To make this kind of pivot, Systrom and his team had to view the data not merely as a glimpse into what they were doing wrong, but as a beacon pointing to where they needed to go. This demanded a mindset.
The pivot mindset: one that’s grounded by and confident in a vision, constantly learning from but not tethered to past work in pursuit of that vision, and open enough to let feedback forge what the vision becomes.
A relatively unheralded pivot, one that I think startups will increasingly turn to as perhaps a more practical example, comes from Jesse Mecham and his team at You Need a Budget.
In February 2005, Mecham was tweaking some of his company sales copy. What he uncovered in the process would triple sales over the next six weeks, and set the company on a path to shake up a financial budgeting industry that typically catered to people who already had a ton of money.
As I was playing around with the words I realized a core part of YNAB was some rules I’d had in my head from the very beginning,” Mecham began. “I started framing our copy through these rules, and immediately noticed that this small move could give us a tremendous advantage from a marketing and competitive niche standpoint.”
YNAB (“why-nab”) started as a basic spreadsheet template that Mecham was using to help him and his wife (both university students at the time) establish some sense of control over their limited budget.
It was ugly as sin, but it allowed us to at least record what we were spending so we could have a bird’s eye view and from there try to make better financial decisions.”
Just six months earlier, in September 2004, Mecham was trying to sell this spreadsheet to anybody he possibly could. He was blanketing his apartment complex with fliers, and buying Google Adwords, but his efforts were only netting him a few hundred dollars a month.
When that breakthrough happened in 2005, it paved the way for so many others,” Mecham said. “I started teaching the rules, and pairing it with the spreadsheet, and people were finding this so much more valuable.”

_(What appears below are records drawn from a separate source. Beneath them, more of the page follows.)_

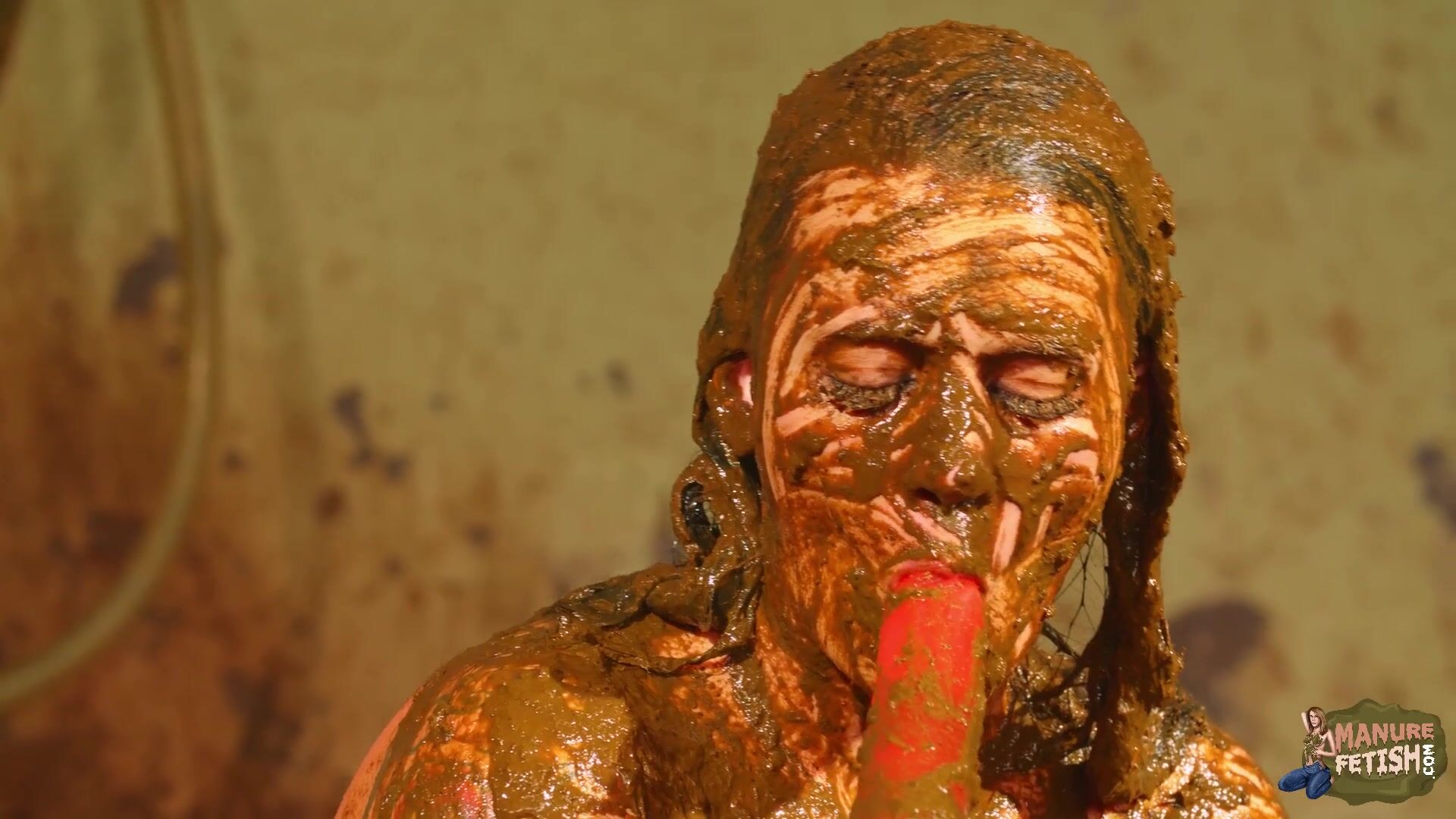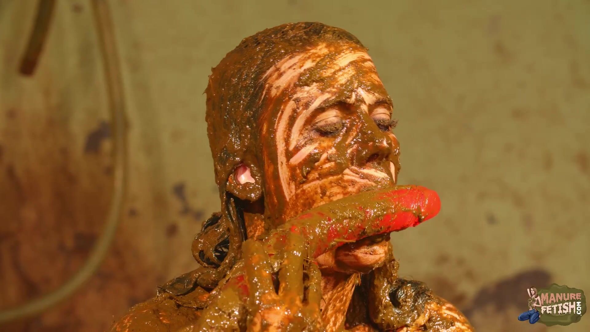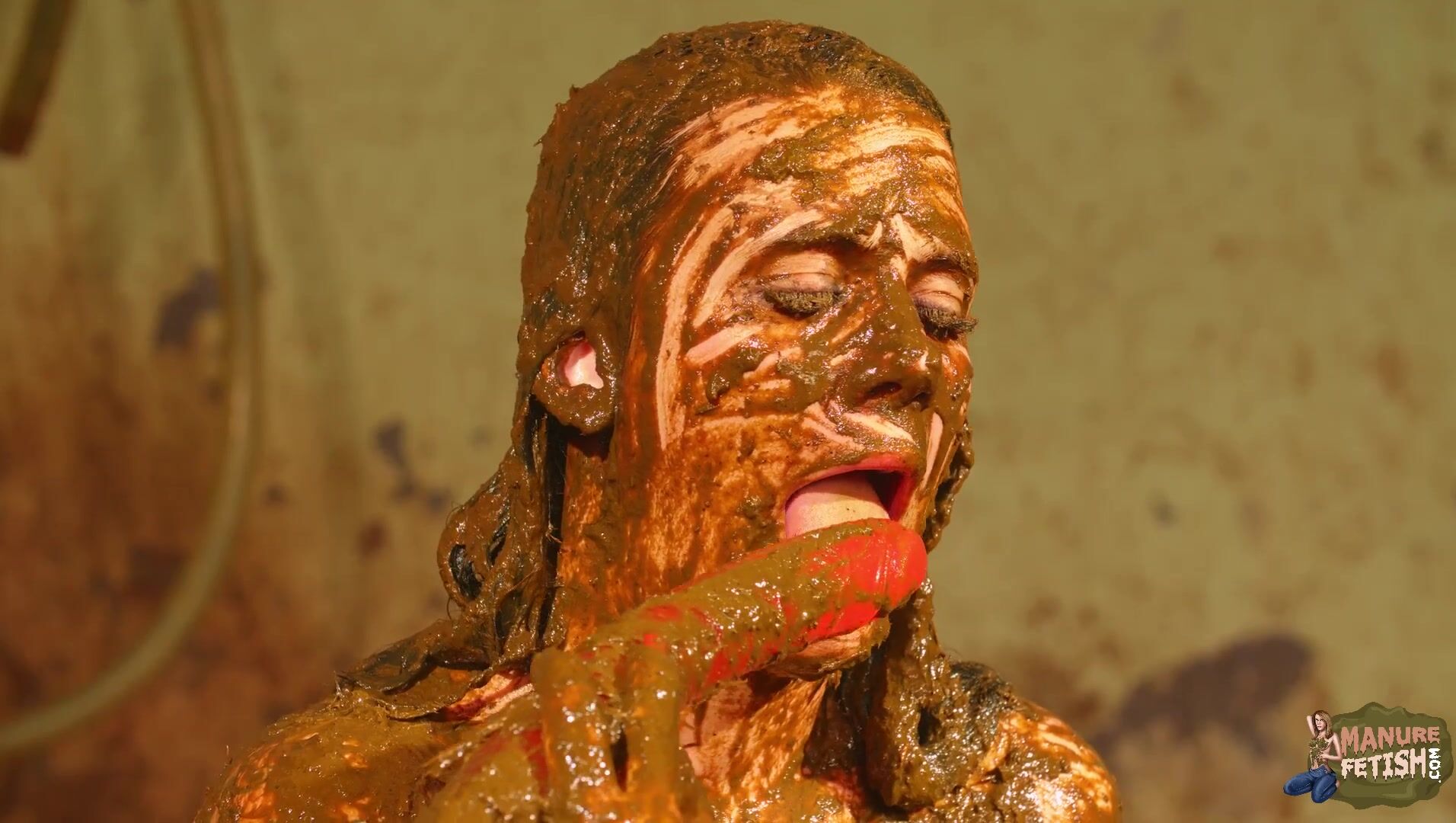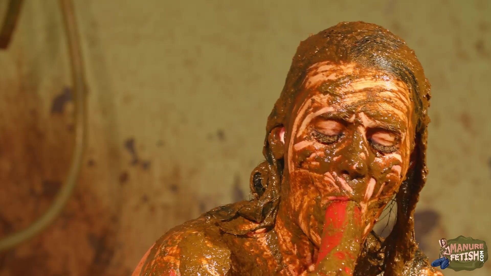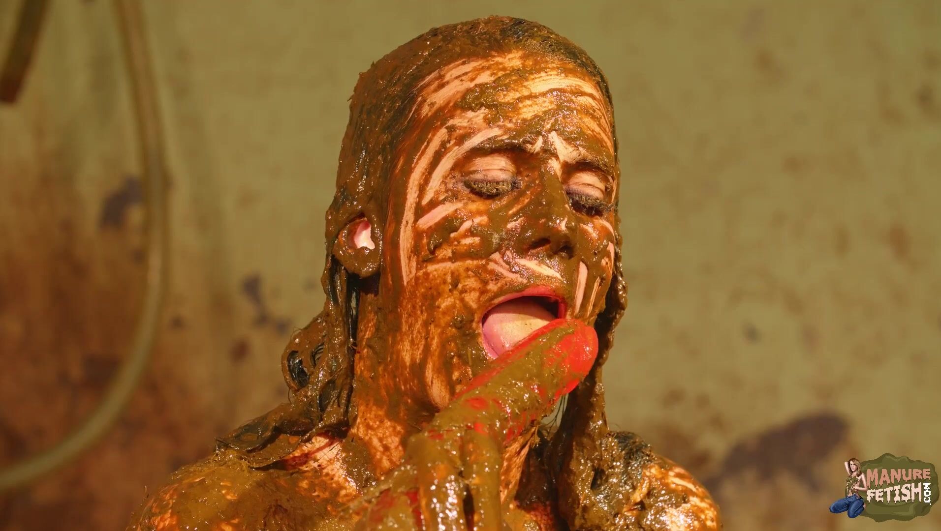 Betty licks the cowshit covered dildo
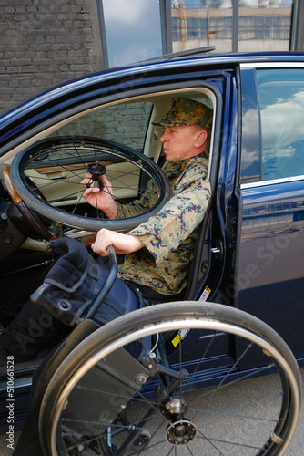 a car driver in military uniform holds a wheel from a wheelchair in his hand and takes it out of the car
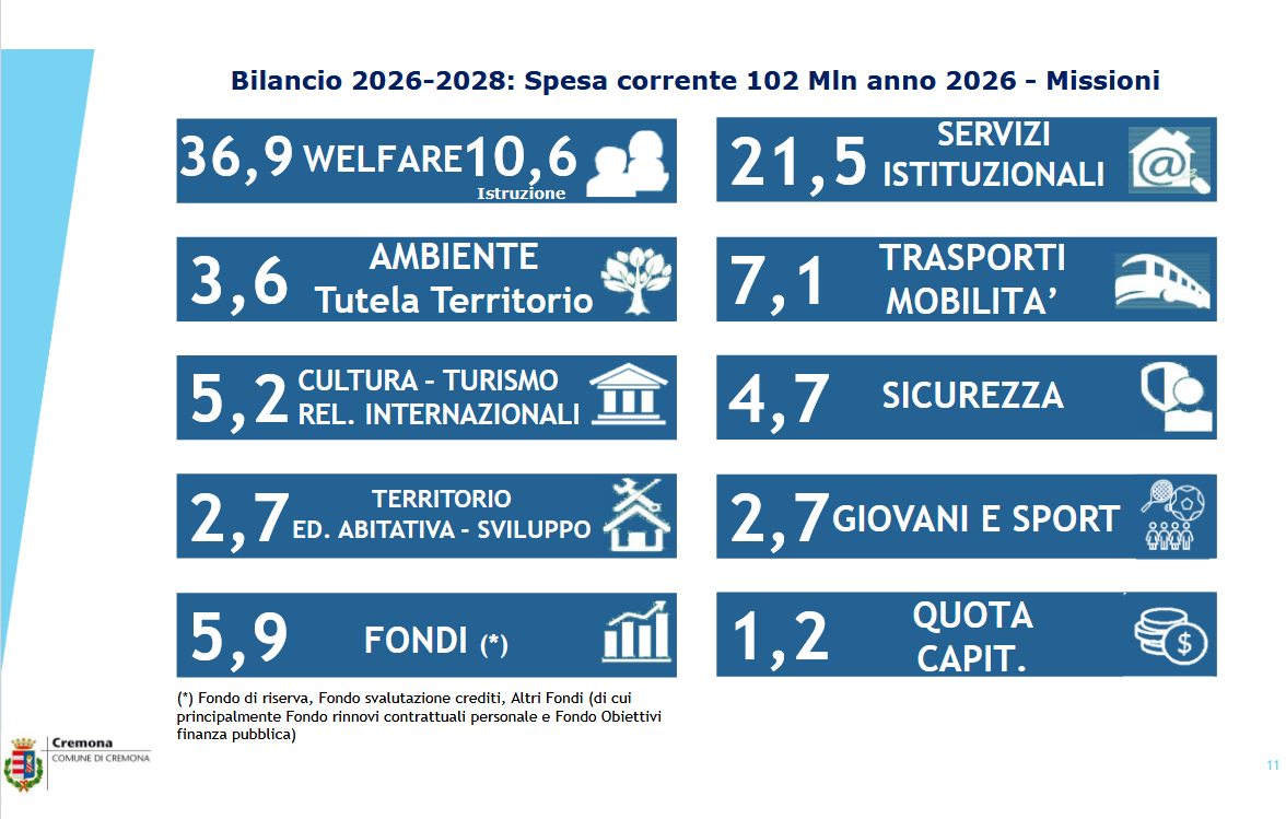 Tra le voci in uscita si segnalano i contributi alla finanza pubblica: per il 2026 il Comune deve restituire allo Stato 361.694 euro per effetto della legge di Bilancio 2024 e accantonarne 427.738 per quella del 2025.
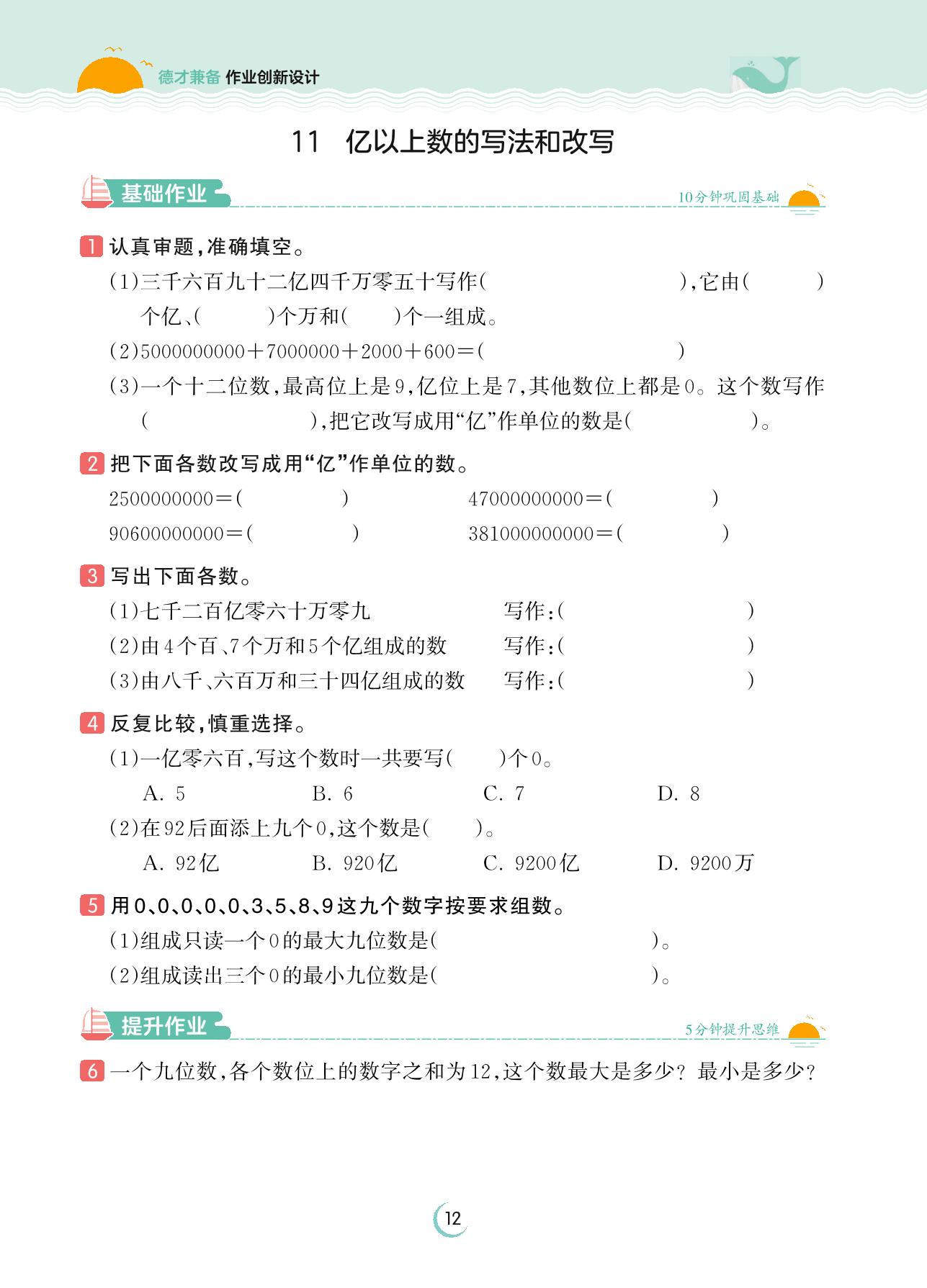 2023上册四年级数学人教版 第一单元 大数的认识——11 亿以上数的写法和改写
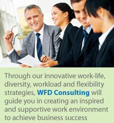 Global Study on Men and Work-Life Integration reveals that, when it comes to work and family, men and women are more alike than different. This finding conflicts with a widely-held assumption that men identify more strongly with work and women with personal/family life. Survey: The State of Work-Life 2010 Workload in America 2010 WFD Consulting presented research on workplace flexibility for hourly workers at the Corporate Voices for Working Families Annual Partners meeting in May 2009. Recently published research in the Community, Work & Family Journal on 25 leading organizations by work-life experts at WFD Consulting and academic scholars reveals that flexibility has a positive impact on employee engagement, retention, stress and burnout. WFD presents the New Career Paradigm study, describing what is driving today's career choices and how these patterns affect companies' recruitment and retention efforts. |
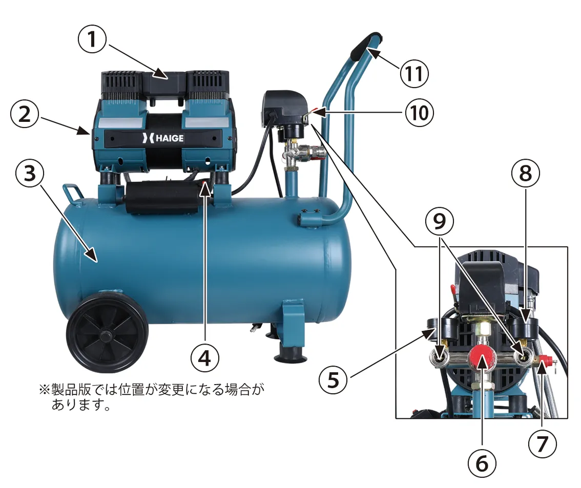 • 圧縮空気に水分が混入する場合があります。塗装作業を行う場合は、ウォーターセパレーターを取付けてください。

By November 2006, when YNAB officially launched, they had completed the pivot. They’d carved out their four rules, and now had slick software rather than a sloppy spreadsheet. In a competitive new budgeting software industry, YNAB, through this pivot, had effectively created a point of separation between themselves and all other competitors.
This pivot is now completely intertwined with their company vision. Here’s their current homepage copy, followed by the rules:
YNAB combines a simple, effective methodology with award-winning software to turn you into a finance superhero. You can’t be a superhero without superpowers (obviously), and that’s where the rules come in”:
Mecham and YNAB have since been featured in The New York Times, Forbes, Entrepreneur, and countless business publications. But the story behind these stories comes from Mecham’s embracing of the pivot mindset.
He could have put his head down, ignored the insight and kept chugging along. He could have embraced the insight but ignored the feedback he received once he started teaching the rules. He could have, as Ries put it, jumped into a new vision altogether. Or he could have even given up on the startup and tried to land a cushy job once he became a CPA.
He didn’t do any of those. He pivoted like so many successful startups have, and he did it in a way (pairing method with product) that modern teams everywhere should probably start thinking about.